→ SUPPLIED RECORDS
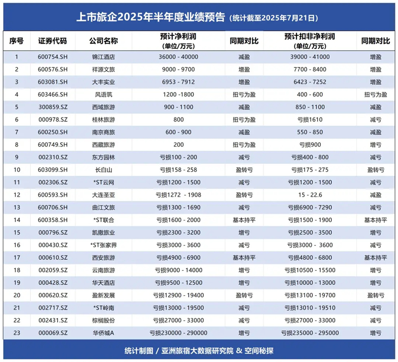 近日,多家上市旅企发布2025年半年度业绩预告。空间秘探梳理目前(统计时间截至7月21日)已披露的二十三家旅企报告发现,其中十五家企业都深陷亏损泥沼,合计亏损约40亿。
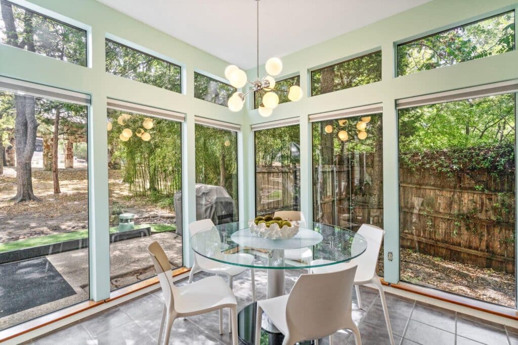 It’s filled with floor to ceiling windows in every room offering the most glorious views of nature. The house itself is on a corner lot in a little alcove of homes called Easton Place. There are about 26 homes total so it’s a super tightknit community where neighbors are still neighbors.
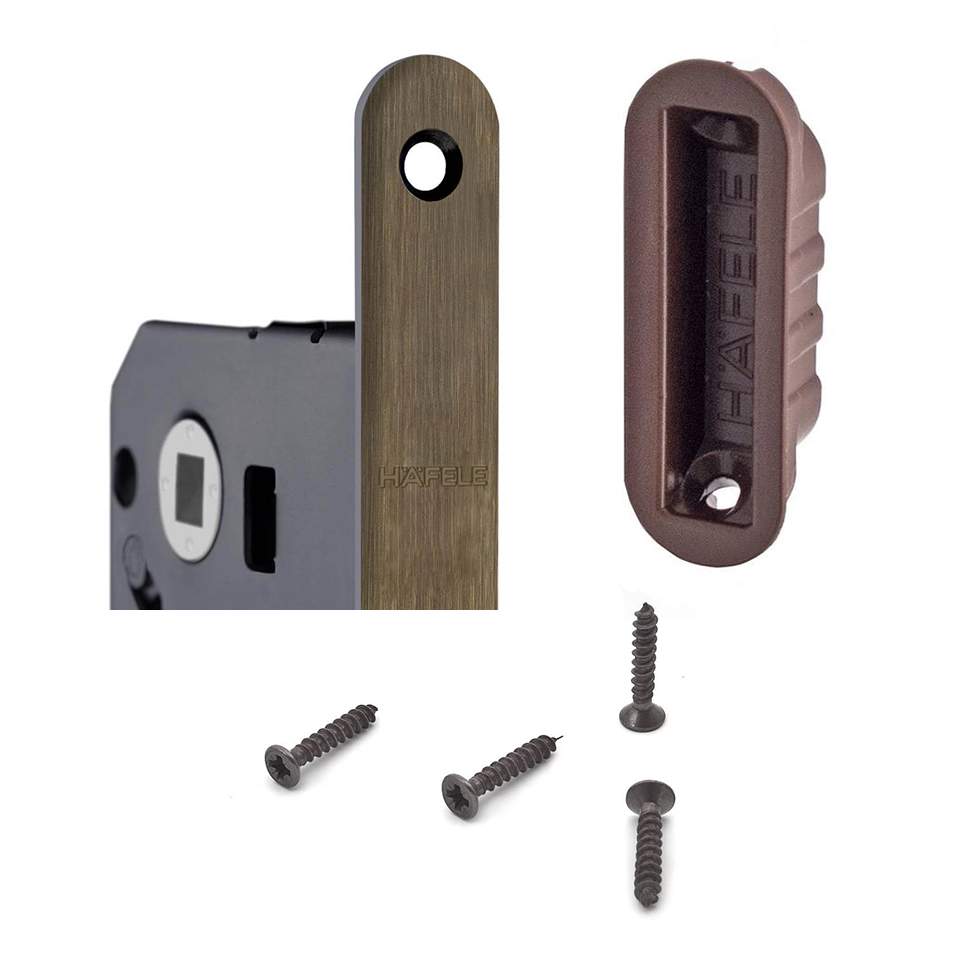 Примечание: в этом комплекте планка (коричневая) и шурупы (бронза) могут немного отличаться по оттенку от замка в цвете «старая бронза».
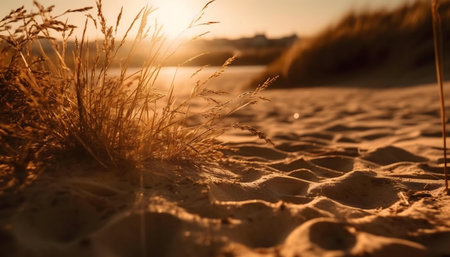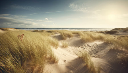 Serene ocean beach at sunset with sand dunes and grasses. That the image is generated using AI.
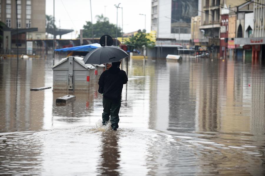 La ciudad de Porto Alegre, capital del estado, registraba este lunes nuevamente lluvias y la crecida, nuevamente, del Río Guaíba, que ha batido récord de volumen permitiendo inundar más de la mitad de la urbe.
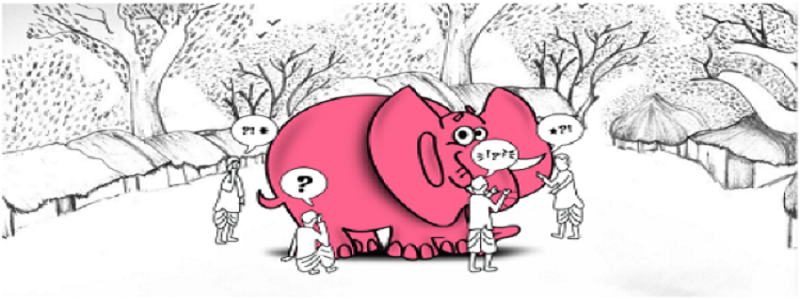 The Story of ‘Blind Men and the Elephant’ originated in the Indian subcontinent. According to folklore a group of blind men never having seen or known an elephant, set out to learn what it’s like! Each blind man touches a part of the elephant and shares with excitement. One touches the back of the elephant …
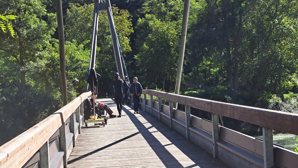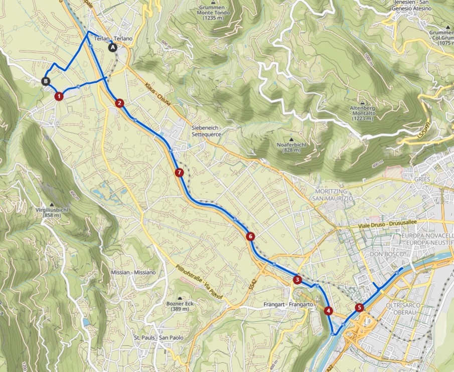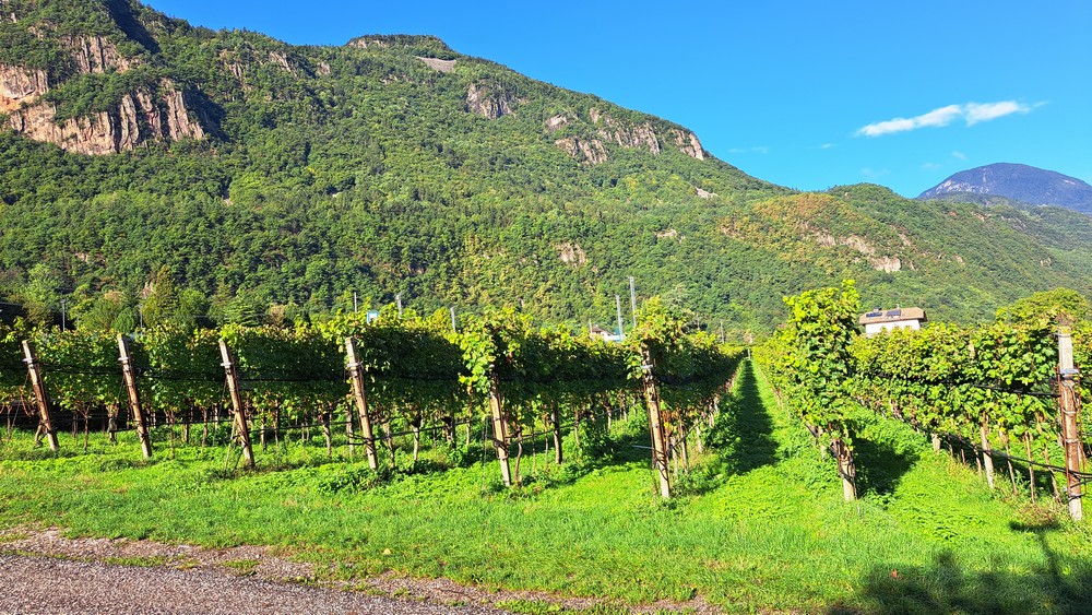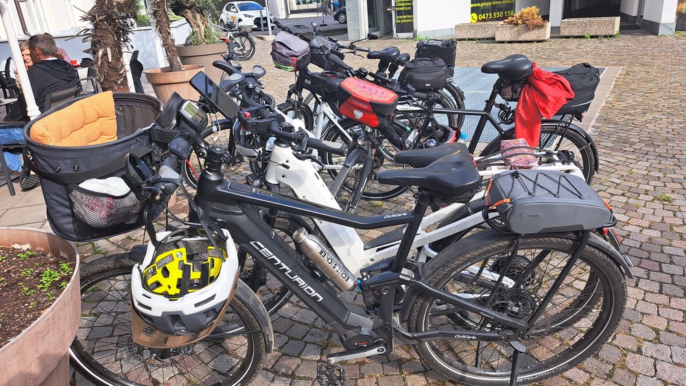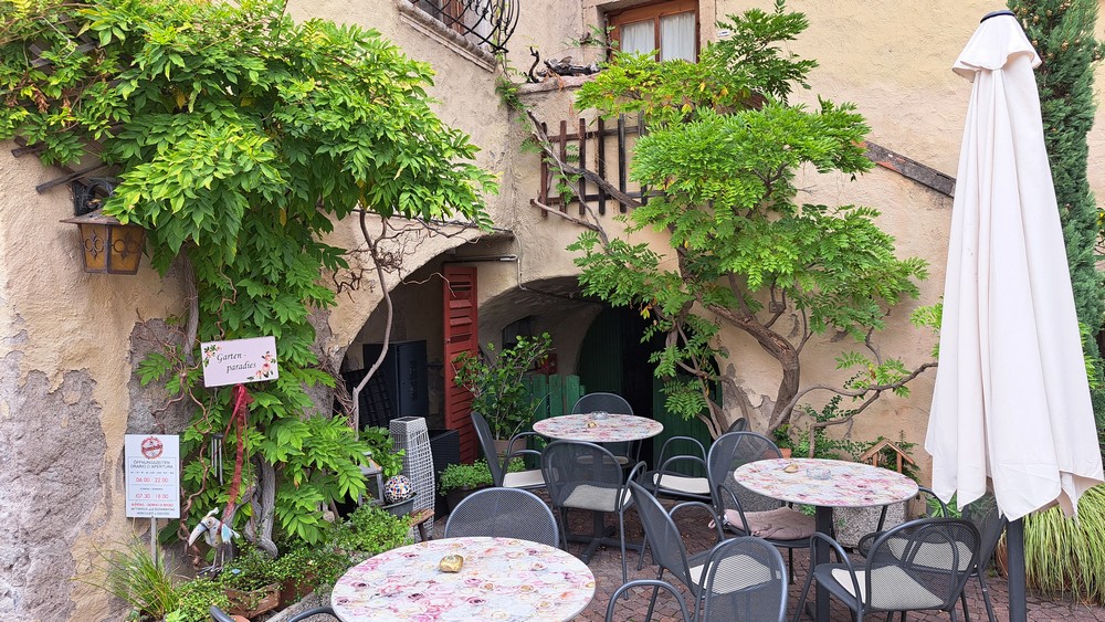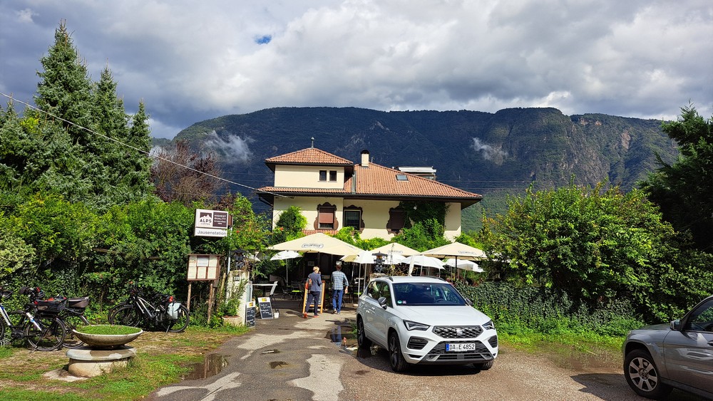 Hier legten wir beim Bistro-Cafe Rosenkeller eine Pause mit „Bauerntoast“ ein. Zurück ging es dann zuerst entlang der Eisack und dann wieder an der Etsch nach Terlan und Andrian.
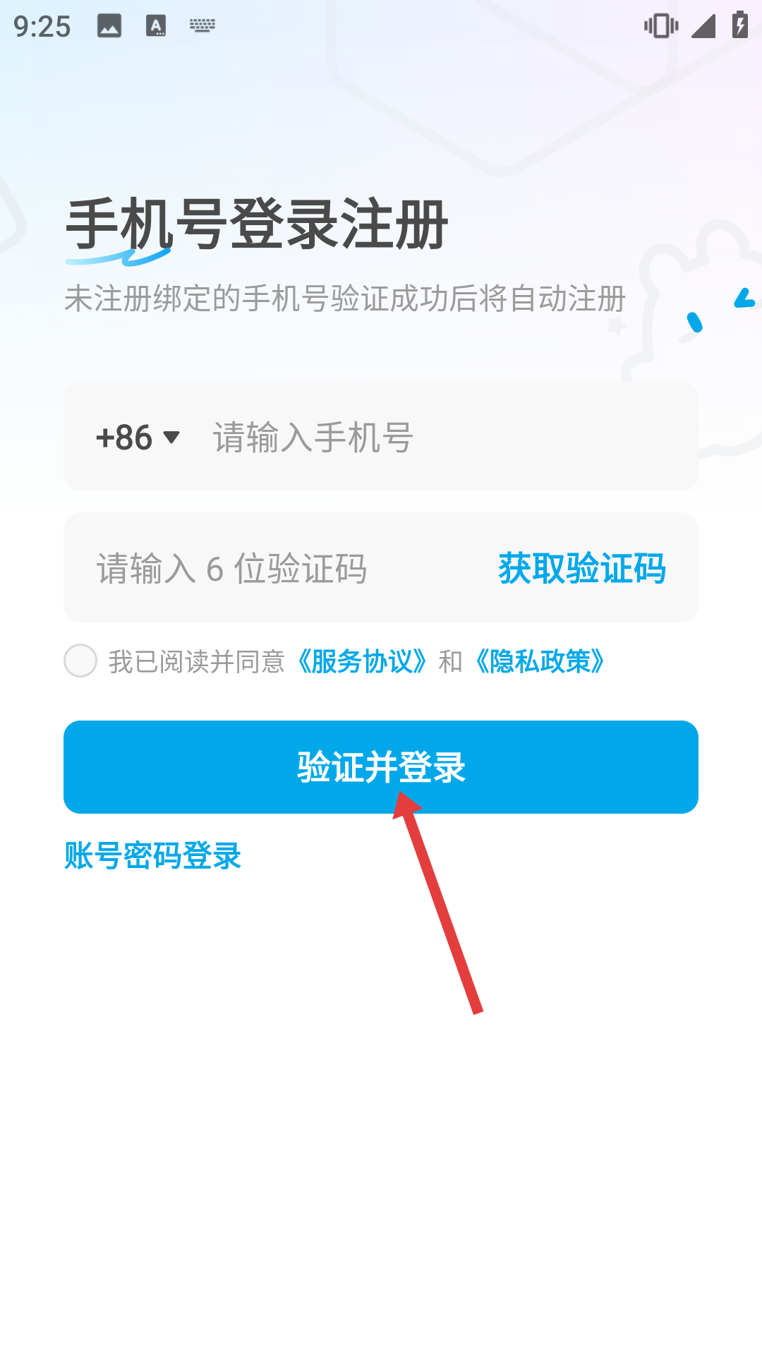 2、進入手機號登錄注冊頁面,輸入手機號和6位驗證碼,勾選同意服務協議和隱私政策,點擊驗證并登錄按鈕完成登錄操作。
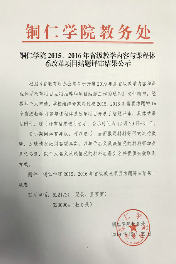 【教学项目】bv伟德国际19462019年贵州省教学内容与课程体系改革项目推荐立项公示
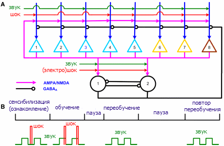 В работе [11] представлена простая нейросетевая модель латерального ядра амигдалы поддерживающая обучение шоковому условному рефлексу и его забывание (переобучение) без отрицательного подкрепления. (Подробнее см. в указанной открытой статье по ссылке.)

→ ASSIGNMENT
Here the job is to output the lines from the top of the listing through the line holding "Serene ocean beach", word for word and without pictures.

→ ANSWER FOR THIS EXERCISE
 近日,多家上市旅企发布2025年半年度业绩预告。空间秘探梳理目前(统计时间截至7月21日)已披露的二十三家旅企报告发现,其中十五家企业都深陷亏损泥沼,合计亏损约40亿。
 It’s filled with floor to ceiling windows in every room offering the most glorious views of nature. The house itself is on a corner lot in a little alcove of homes called Easton Place. There are about 26 homes total so it’s a super tightknit community where neighbors are still neighbors.
 Примечание: в этом комплекте планка (коричневая) и шурупы (бронза) могут немного отличаться по оттенку от замка в цвете «старая бронза».
 Serene ocean beach at sunset with sand dunes and grasses. That the image is generated using AI.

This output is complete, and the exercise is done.